If you want a development install (so you can modify the code locally and directly run it), you can
install it in editable mode after cloning the repository

```sh
git clone https://github.com/bencrabbe/npdependency
cd npdependency
pip install -e .
```

In that case, you can run the smoketests with `tox` to ensure that everything works on your end.

## Parsing task

The parsing task (or prediction task) assumes you have an already trained model in the directory
MODEL. You can parse a file INPUT_FILE in truncated CONLL-U format with the command:

```sh
hopsparser parse MODEL INPUT_FILE OUTPUT_FILE
```

This results in a parsed file called `OUTPUT_FILE`. Both INPUT_FILE and OUTPUT_FILE can be set to
`-` to use the standard i/o streams, which can be convenient if you want to use the parser in a
pipe.

The `INPUT_FILE` argument is supposed to be the path to a file in the
[CONLL-U](https://universaldependencies.org/format.html) format, possibly with missing columns.

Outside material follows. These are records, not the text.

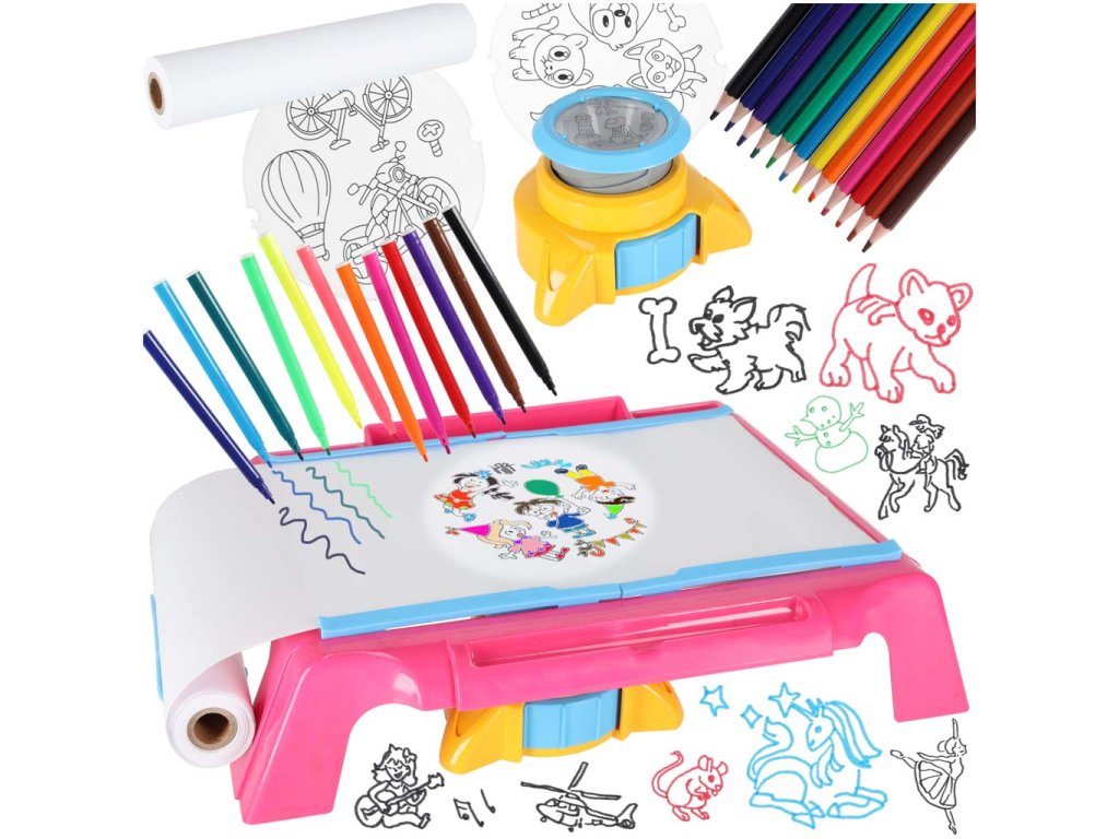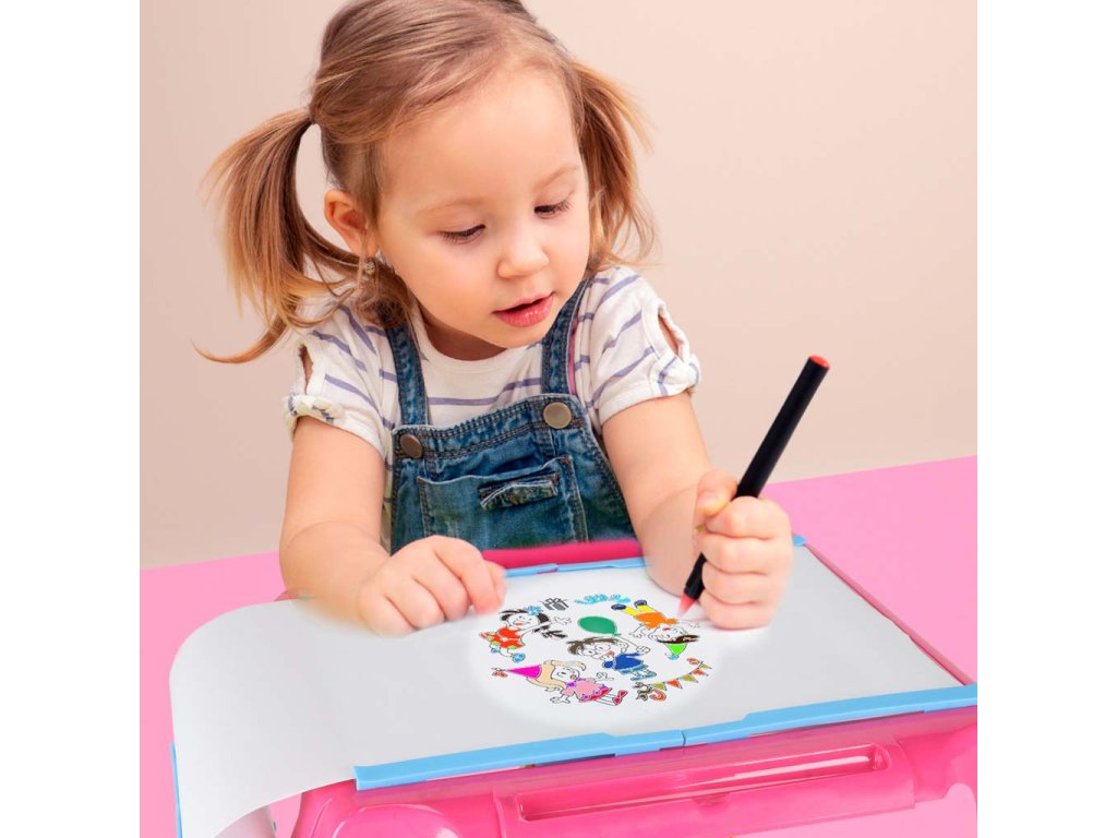 Tvarový kresliaci stôl s projektorom ružový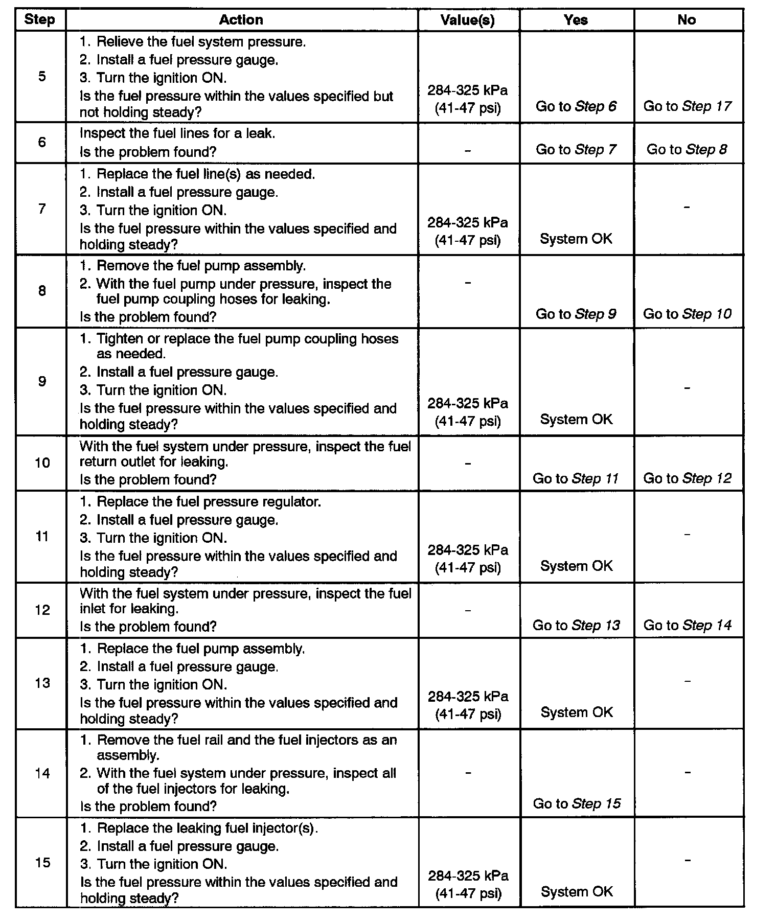 The fuel pump is an in-tank fuel pump mounted to a fuel sender assembly. The fuel pump will remain on as long as the engine is cranking or running and the powertrain control module (PCM)/engine control module (ECM) is receiving reference pulses from the crankshaft position (CKP) sensor. If there are no reference pulses, the PCM/ECM will turn off the fuel pump two seconds after the ignition switch is turned ON or two seconds after the engine stops running. The fuel pump delivers fuel to the fuel rail and the fuel injectors, where the fuel system pressure is controlled from 284 to 325 kPa (41 to 47 psi) by the fuel pressure regulator. The excess fuel is returned to the fuel tank.
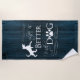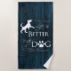 The Life is better with a Dog Beach Towel features text that says "Life is better with a Dog." with a paw print and dog silhouette embellishment against a deep blue rustic wooden background. Additional gift items available with this design as well.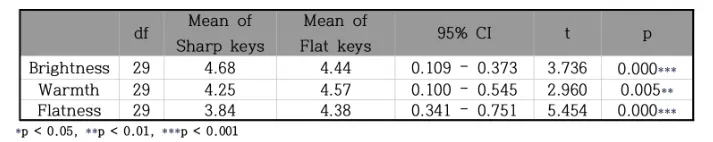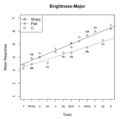 Our study aimed to investigate the effects of sharp and flat keys on the perception of brightness, warmth, and sharpness, given that these keys are associated with tension and relaxation respectively in music.

For
instance:

```conllu
1	Flaubert
2	a
3	écrit
4	Madame
5	Bovary
6	.
```

That is we require word indexation and word forms only. Empty words are currently not supported.
Multi-word tokens are not taken into account by the parsing models but are preserved in the outputs.

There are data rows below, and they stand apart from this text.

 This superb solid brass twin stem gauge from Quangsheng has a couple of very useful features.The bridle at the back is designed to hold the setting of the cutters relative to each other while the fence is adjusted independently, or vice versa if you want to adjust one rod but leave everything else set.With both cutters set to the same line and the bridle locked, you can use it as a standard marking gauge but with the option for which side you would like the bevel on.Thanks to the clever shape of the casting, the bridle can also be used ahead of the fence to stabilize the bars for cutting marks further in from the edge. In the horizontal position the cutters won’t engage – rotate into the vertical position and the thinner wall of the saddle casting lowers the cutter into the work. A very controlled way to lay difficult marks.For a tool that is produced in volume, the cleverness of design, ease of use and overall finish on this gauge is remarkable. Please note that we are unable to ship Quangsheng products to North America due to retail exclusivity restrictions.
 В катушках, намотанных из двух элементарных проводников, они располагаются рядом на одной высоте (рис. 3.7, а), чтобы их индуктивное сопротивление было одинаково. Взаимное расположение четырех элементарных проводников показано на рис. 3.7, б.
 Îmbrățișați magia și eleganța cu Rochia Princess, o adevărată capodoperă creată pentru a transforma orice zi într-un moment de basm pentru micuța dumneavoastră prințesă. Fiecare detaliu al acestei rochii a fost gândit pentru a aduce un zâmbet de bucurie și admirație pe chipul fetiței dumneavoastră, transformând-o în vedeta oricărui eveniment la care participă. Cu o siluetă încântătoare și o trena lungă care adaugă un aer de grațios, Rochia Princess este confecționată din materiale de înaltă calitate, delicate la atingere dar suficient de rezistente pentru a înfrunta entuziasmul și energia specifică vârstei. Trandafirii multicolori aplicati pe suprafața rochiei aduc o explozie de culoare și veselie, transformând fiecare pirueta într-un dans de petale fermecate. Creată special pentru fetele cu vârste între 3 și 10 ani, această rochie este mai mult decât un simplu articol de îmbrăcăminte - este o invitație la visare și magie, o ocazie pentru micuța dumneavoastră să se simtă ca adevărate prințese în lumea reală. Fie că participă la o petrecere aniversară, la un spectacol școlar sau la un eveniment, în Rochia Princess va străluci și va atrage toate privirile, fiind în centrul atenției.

Alternatively, you may add the `--raw` flag to the command above, in which case the parser expects a
pre-tokenized raw text file with one sentence per line and individual tokens separated by blanks.

Depending on the model, the parser will be more or less fast and more or less accurate. We can
however expect the parser to process several hundred sentences per second with a decent GPU. The GPU
actually used for performing computations can be specified using the `--device` command line option.

## Running in server mode

See [the server mode documentation](https://github.com/bencrabbe/npdependency/blob/master/docs/server.md).

## Pretrained models

We provide some pretrained models, see the list in [models.md](https://github.com/bencrabbe/npdependency/blob/master/docs/models.md).

The reader may notice a difference with the results published in [(Le et al
2020)](https://arxiv.org/abs/1912.05372). The difference comes from a better usage of fasttext and
from the fact that this parser also predicts part of speech tags while the version described in [(Le
et al 2020)](https://arxiv.org/abs/1912.05372) required predicted tags as part of its input. These
changes make the parser easier to use in "real life" projects.

## Training

Instead of using a pretrained model, one can train his own model. Training a model with BERT
definitely requires a GPU. Unless you have a GPU with a very large amount of onboard memory, I
advise to use very small batch sizes (2, 4, 8, 16, 32, 64) for training. Otherwise you are likely to
run out of memory.

Training can be performed with the following steps:

1. Create a directory OUT for storing your new model
2. Copy a config YAML file from the [examples](https://github.com/bencrabbe/npdependency/tree/master/examples) directory
3. Edit it according to your needs
4. Run the command:

```sh
hopsparser train CONFIG.yaml TRAIN.conllu OUTPUT_DIR --dev-file DEV.conllu --test-file TEST.conllu 
```

After some time (minutes, hours…) you are done and the model is ready to run (go back to the parsing
section). There are other options, see `hopsparser train --help`.

## Citation

If you use this parser for your scientific publication, or if you find the resources in this
repository useful, please cite the following paper

```biblatex
@inproceedings{grobol:hal-03223424,
    title = {{Analyse en dépendances du français avec des plongements contextualisés}},
    author = {Grobol, Loïc and Crabbé, Benoît},
    url = {https://hal.archives-ouvertes.fr/hal-03223424},
    booktitle = {{Actes de la 28ème Conférence sur le Traitement Automatique des Langues Naturelles}},
    eventtitle = {{TALN-RÉCITAL 2021}},
    venue = {Lille, France},
    pdf = {https://hal.archives-ouvertes.fr/hal-03223424/file/HOPS_final.pdf},
    hal_id = {hal-03223424},
    hal_version = {v1},
}
```


## Licence

This software is released under the MIT Licence, with some files released under compatible free
licences, see [LICENCE.md](LICENCE.md) for the details.